Significant progress has been made in developing several of these characteristics within the project management occupation in recent years. Efforts by professional associations (notably PMI) have made significant contributions to the areas of establishing a knowledge base of the profession and, in turn, defining a distinctive occupational culture. For example, in 1986 PMI established a body of knowledge and has published revisions since then, including the global de facto standard A Guide to the Project Management Body of Knowledge (PMBOK® Guide). The Association of Project Management in the U.K. has published its own similar yet different work on the subject. The theoretical basis of the profession is being established through growing amounts of research and published material on project management in recent years. Efforts are also under way to develop international standards on organizational project management maturity models, work breakdown structure standards, project manager competencies, project taxonomies and project management principles [Cabanis]. While these efforts have been extremely beneficial in establishing a distinctive occupational culture, most would generally accept that these efforts are far from meeting the first criteria of a profession, that of having control and command of a recognizable, esoteric, and systematic body of knowledge.

In addition, PMI‘s PMP® certification and the licensing of project managers by the Australian government and the Australian Institute of Project Management is a move toward recognition of the occupation by the community. More than 27,000 individuals globally have earned PMP certification.
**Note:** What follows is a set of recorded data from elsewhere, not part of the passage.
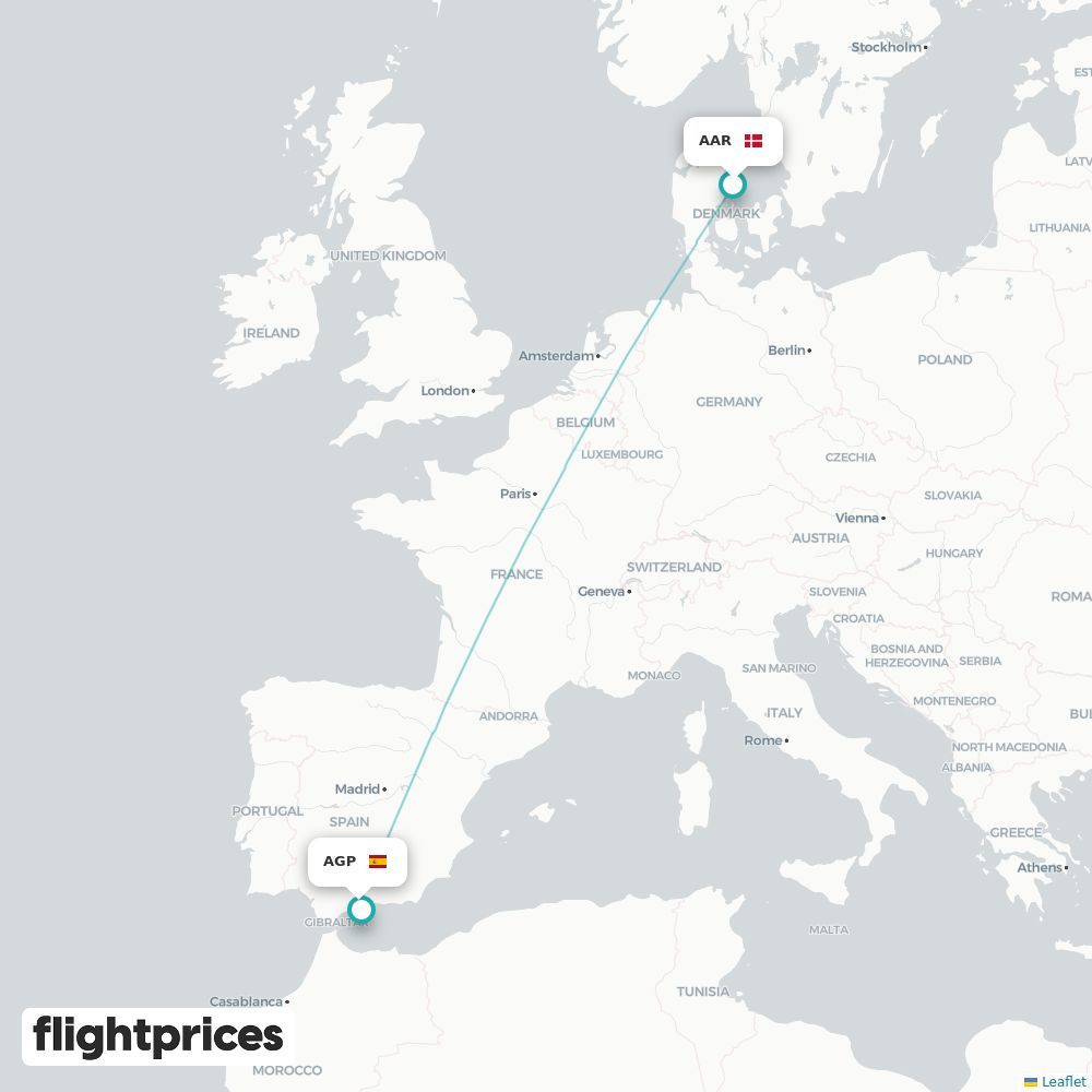 Et hurtigt overblik over Aarhus (AAR) til Malaga (AGP) — laveste og typiske priser, prisinterval, billigste måneder og ugedage, selskaber på ruten samt normal rejsetid fra Danmark til Spanien.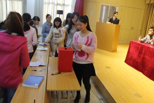 大会审议通过了第二十六届学生分会的工作报告,本次学代会共有20名同学参加学生分会委员的竞选,他们利用PPT的方式向代表们进行了自我介绍。各位代表认真履行自己的职责,本着明主、公平、公正的原则,采用无记名投票的方式产生了第二十七届学生会干部,有17名同学当选第二十七届学生会委员会成员。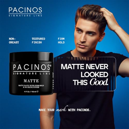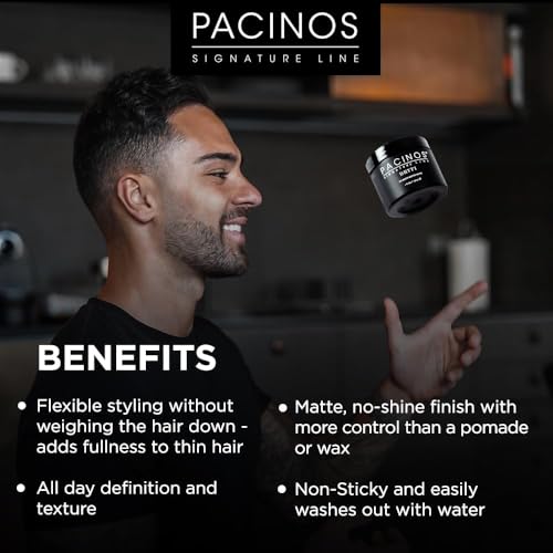 Pasta para cabello mate Pacinos Dryfi, sin brillo y con fijación flexible, para peinar con acabado y textura naturales, sin escamas, fórmula a base de agua, fácil de aplicar y lavar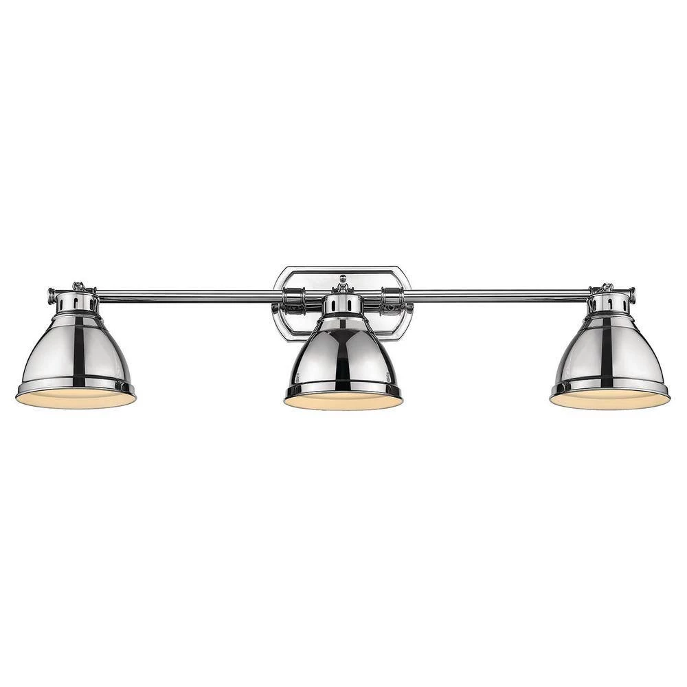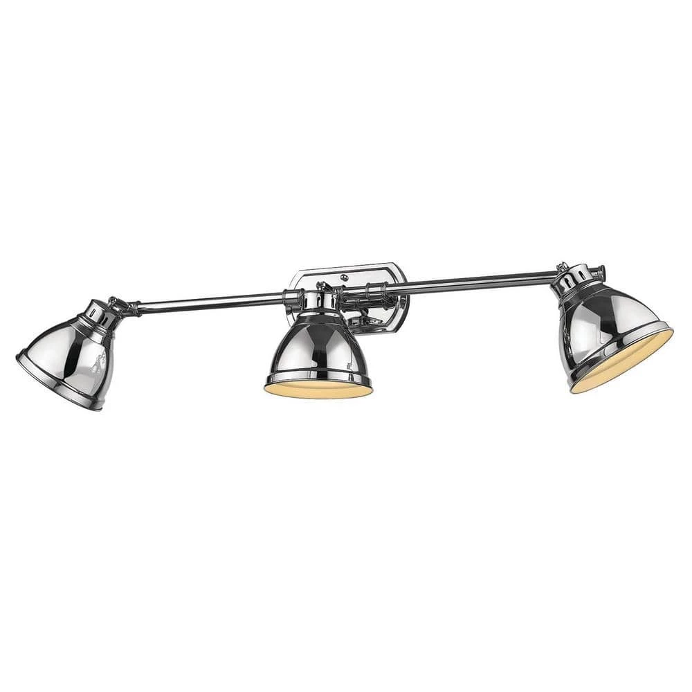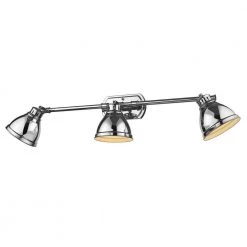 Transform the look of your room with this classic, vintage-inspired fixture by Golden Lighting. Golden Lighting’s Duncan collection is contemporary style with an industrial feel. The collection features a variety of simple, traditional silhouettes that are a nod to a bygone era. A variety of plated and painted metal shade finishes are offered in combination with durable Aged Brass, Black, Chrome or Pewter fixture bodies. The Rubbed Bronze fixtures are paired with Rubbed Bronze shades. This 3-light vanity is highly versatile and maneuverable. The swivel on the canopy moves 90° allowing the fixture to be mounted on the wall or ceiling. The fixture’s shades can also be positioned freely.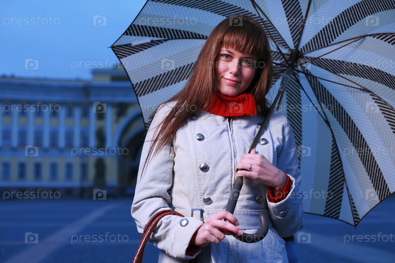 Девушка с зонтиком на Дворцовой площади, Санкт-Петербург, Россия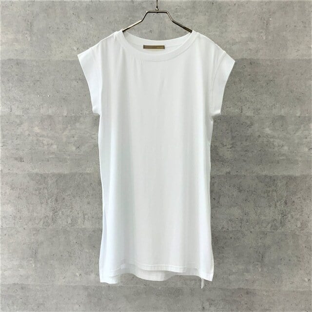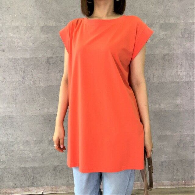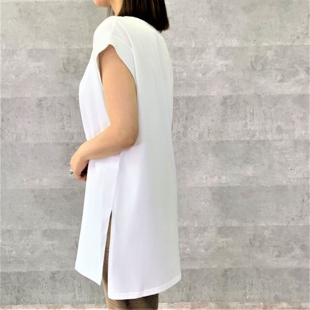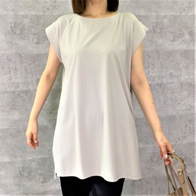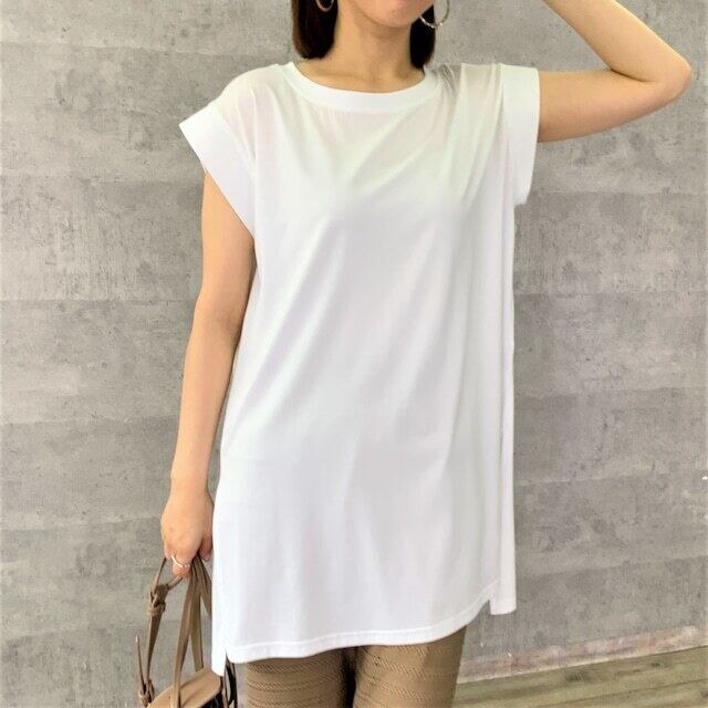 安心のフレンチスリーブと、ヒップまですっぽり隠れる長めのレングスに深めのサイドスリット。

Among many local and global corporations and some governments, the PMP is a recognized and valued credential. However, these efforts remain voluntary in nature and do not reflect the status conferred by legal requirements to be certified to practice, as is the case in traditional professions such as medicine or law.

Establishing a code of ethics for PMI members and PMPs to ascribe to goes a long way toward establishing a norm of altruism. However, monitoring and adjudicating breaches of these ethics by the profession itself is the sign of a mature self-regulating profession, and this still appears to be some way off.

Finally, characteristics such as autonomy of practice and control over clients appear to be a long way off. One of the fundamental problems with project management is the lack of autonomy and control given to project managers [D. Slevin and J. Pinto]. One could argue that this characteristic of a profession is being questioned in established professions like law and medicine and may not continue to hold true in our more educated population; however, it is hard to see the establishment of a position of power in industry without this characteristic.

Thus, project management can be seen to be acquiring many of the traits considered indicative of professional work orientation but at the same time missing many of the traits that would allow it to claim the status of a profession. Establishing these traits will entail a significant effort on the part of both the professional associations and the membership.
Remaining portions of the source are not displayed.